Unfortunately, WB doesn't want to admit that their original vision was complete nonsense; it appealed to no one instead of appealing to everyone.
THIS, the Snyder Cut, is how we wanted it, and now they know, after pouring tens of millions of dollars into the highly demanded reshoot, only to try (weakly) to sabotage its release with internal condemnation from the studio.

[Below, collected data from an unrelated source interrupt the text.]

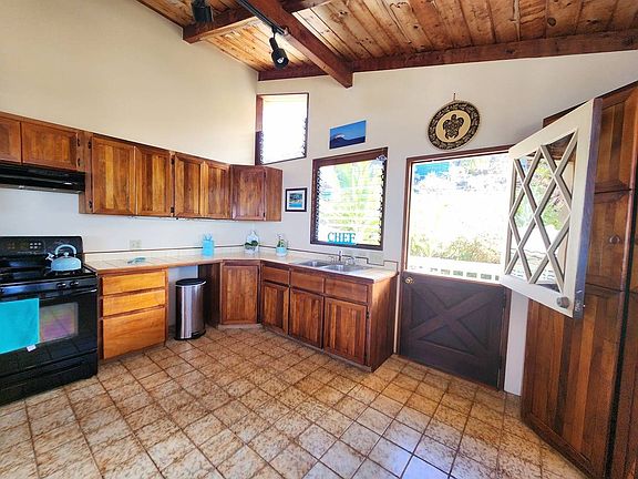 The lower level offers an open studio complete w/kitchenette, a full bathroom, walk in shower with tiled, tropical scene & dual shower heads. Enjoy the views from the lower lanai, kitchen & living area.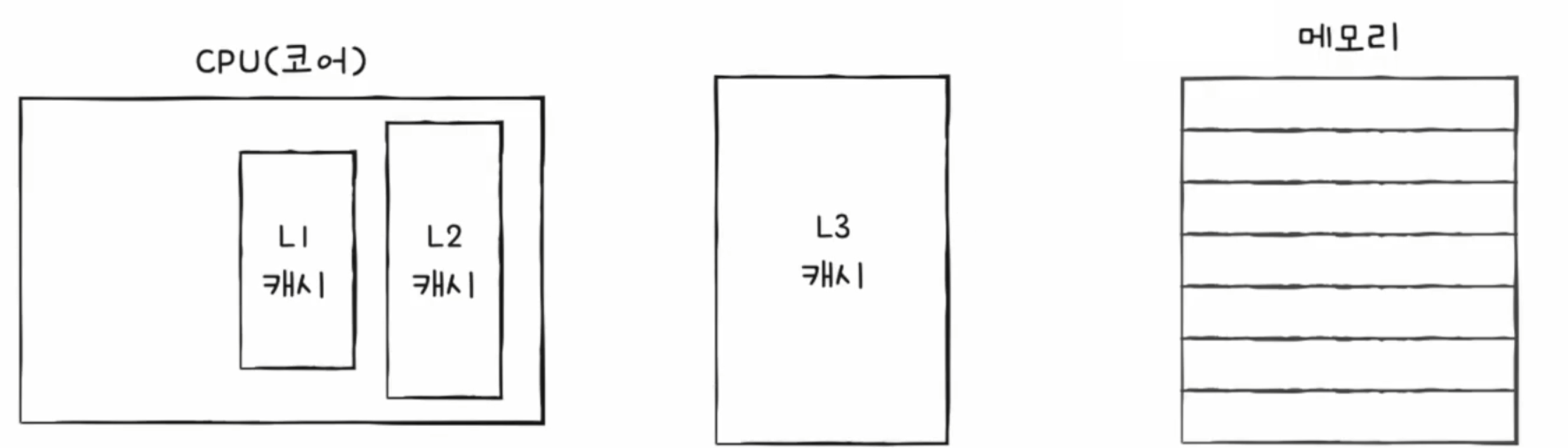 L1 - L2 - L3 캐시 +. 일반적으로 L1 캐시와 L2 캐시는 코어 내부에, L3 캐시는 코어 외부에 위치해 있습니다. (속도는 L1 > L2 > L3 순서)
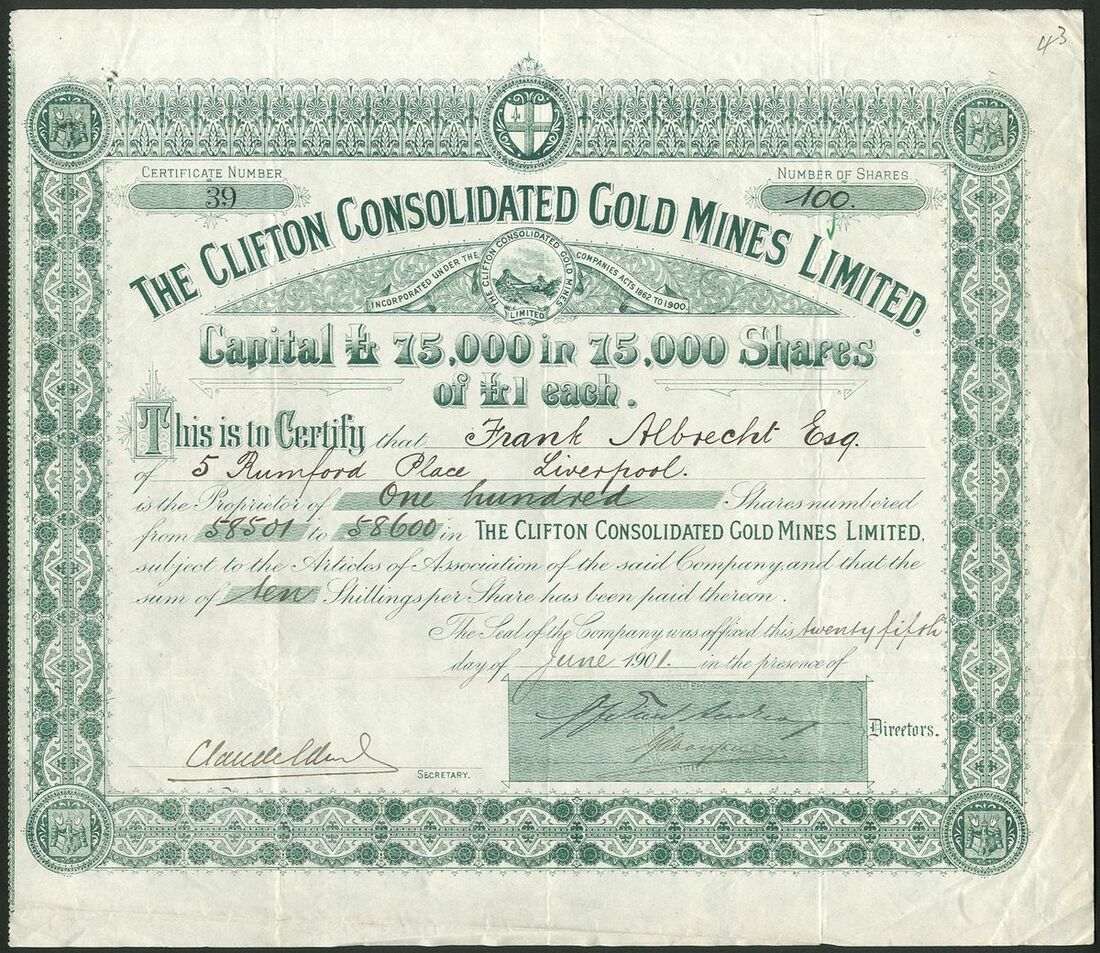 Rhodesia: Clifton Consolidated Gold Mines Ltd., £1 shares, 190[1], #39, ornate border, green, together with related papers. Formed to acquire 200 mining claims in the Belingwe District of Rhodesia. Spike holes top left, AVF and rare..

Learn your lesson, WB, and all other studios who think looking at numbers on a chart is the correct way to channel a film's direction (looking at Disney's Star Wars trilogy, yuck). For highly anticipated films that revolve around hugely popular source material, it's advisable to craft a personal and memorable experience for those who already want to love the film, not turn it into some tongue-in-cheek affair meant to appeal to everyone at once. When you do that, you guarantee failure. If you do it correctly (Snyder cut), you will inevitably gain fans you never knew you could have had, while keeping the die hard fans at your side. Lesson learned?? Probably not... Hollywood egos are about as big as Darkseid's.
Thank you, Zack Snyder! I'm a fan for life.